Initially, Leedy said, he didn’t even think anyone would donate. So he set the goal at a modest $5,000. In just one day, however, donations soared to nearly $50,000.

“This is obviously more than just a car now,” he told HuffPost. “It can turn into something way bigger than that. Maybe he could use this money to move out and move somewhere else … We’ve had a Chevy dealership as well as Honda corporate . Both want to donate a car to him. So he can use this money for whatever else he needs.”

H/t Fairfax DUI Lawyer, Cassi Baumgardner.

4 thoughts on “He walks 21 miles a day to work and back and people want to help him

  1. This guy looks pretty healthy.
    He’s been walking for years.
    He seems to enjoy it.
    So why are we screwing with him?
    Let the guy alone.
    But that’s our problem here in the good old USA, we always want to change the way people are living their lives. Whether here at home or way across the ocean in a distant land.
    As long as people aren’t doing obvious harm to themselves or to those around them (subjective norm) why can’t we just leave them be?
    Maybe they think that the way we’re living our lives is totally fucked up? Maybe they believe that we should change?

  2. That’s two issues.
    We both agree that everybody should be making a living wage. That’s one issue.
    The other is why this guy has been working at this place for 20 years if he’s not making a living wage?

  3. Another issue is that we as a society are willing to aid single poor people, if their story somehow clicks with us. But we’re not willing to, oh, make sure all workers get a decent living wage, thus the Republican governor of OK just signing a bill to make it illegal for individual local and/or county governments pass their own minimum wage laws.

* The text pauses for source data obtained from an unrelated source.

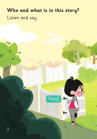 Who and what is in this story? Listen and say. treehouse tree Betty Jill Yusuf SAMPLE garden 2 Before reading 3 SAMPLE 3/9/21 8:21 AM My Treehouse 01-24_ChitF.indd 2-3 My Treehouse 01-24_ChitF.indd 2-3 3/9/21 8:21 AM
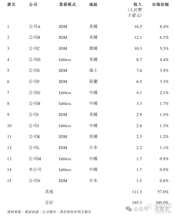 2024年,公司在中国模拟芯片市场排名第14位;在所有fabless公司中排名第6位;以及在中国公司中排名第5位。
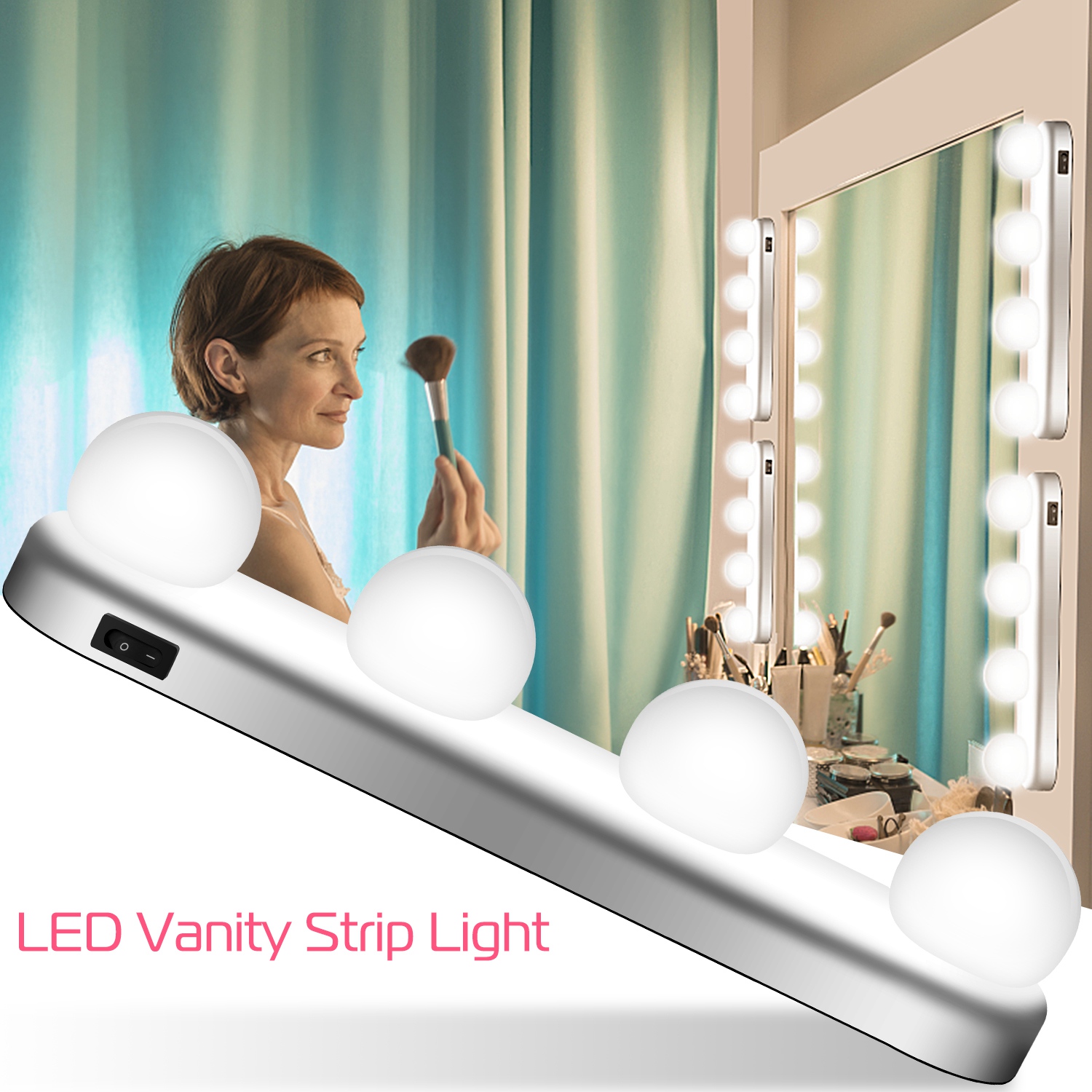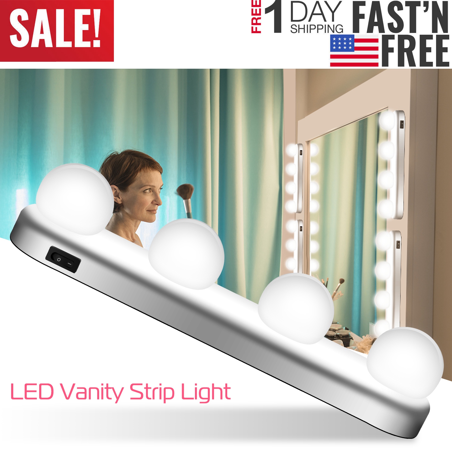 Does the insufficient light distress you when you makeup? Our LED vanity strip light is perfect solution for you to light up your face and show the most natural makeup in the mirror. Comes with 24LED beads with 4 spheriform lampshade with High light transmittance to give off soft daylight white lighting effect. Powered by 4 * AA batteries without messy cord to keep your dressing table tidy. With two suction cups and two screw holes, easy to fit on the mirror, mirror frame or wall.
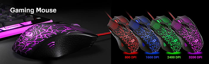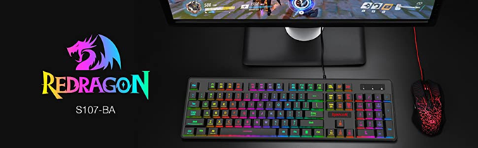 • RGB Keyboard and Mouse Combo; The Redragon S107includes RGB LED 104 Keys Backlit Mechanical Feel Computer Keyboard and Red LED Backlit Gaming Mouse. Ideal for PC marathon gaming sessions
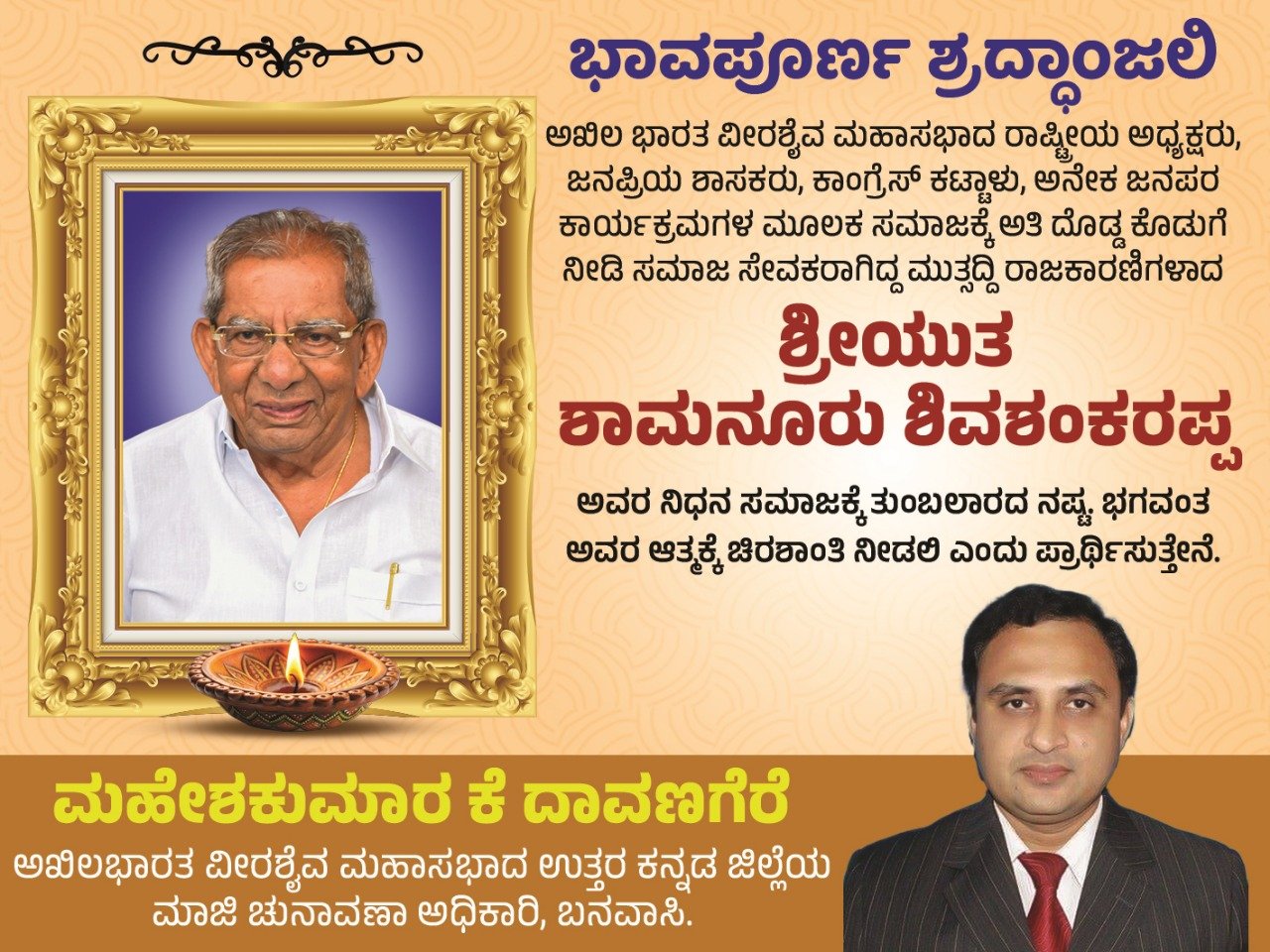 ಅಖಿಲ ಭಾರತ ವೀರಶೈವ ಮಹಾಸಭಾ ದ ರಾಷ್ಟ್ರೀಯ ಅಧ್ಯಕ್ಷರು…ಜನಪ್ರಿಯ ಶಾಸಕರು.. ಕಾಂಗ್ರೆಸ್ ಕಟ್ಟಾಳು… ಅನೇಕ.. ಜನಪರ ಕಾರ್ಯಕ್ರಮಗಳ ಮೂಲಕ ಸಮಾಜಕ್ಕೆ ಅತಿ ದೊಡ್ಡ ಕೊಡುಗೆ ನೀಡಿ… ಸಮಾಜ ಸೇವಕರಾಗಿ.. ಮುತ್ಸದ್ದಿ ರಾಜಕಾರಣಿಗಳಾದ ಶ್ರೀಯುತ ಶಾಮನೂರು ಶಿವಶಂಕ್ರಪ್ಪ ಅವರ ನಿಧನ.. ಸಮಾಜಕ್ಕೆ ತುಂಬಲಾರದ ನಷ್ಟ.. ಭಗವಂತ ಅವರ ಆತ್ಮಕ್ಕೆ ಚಿರಶಾಂತಿ ನೀಡಲಿ ಎಂದು ಪ್ರಾರ್ಥಿಸೋಣ.. 🙏🙏ಓಂ ಶಾಂತಿ..…

    It’s to protect the workers, ya know. And the consumers, somehow.

    We do not know how to communicate to the body politic how to help people economically. Richard Wolff says it’s because, among other things, econ departments have been captured by corporate money and nothing is taught, fully, whichh does not go along with what Corporatists want legislated or understood.

    We need serious help. And real education. With governors like the Repub crop which dances to the Koch Bros.’ tunes, we will have most of great public univerisites ruined.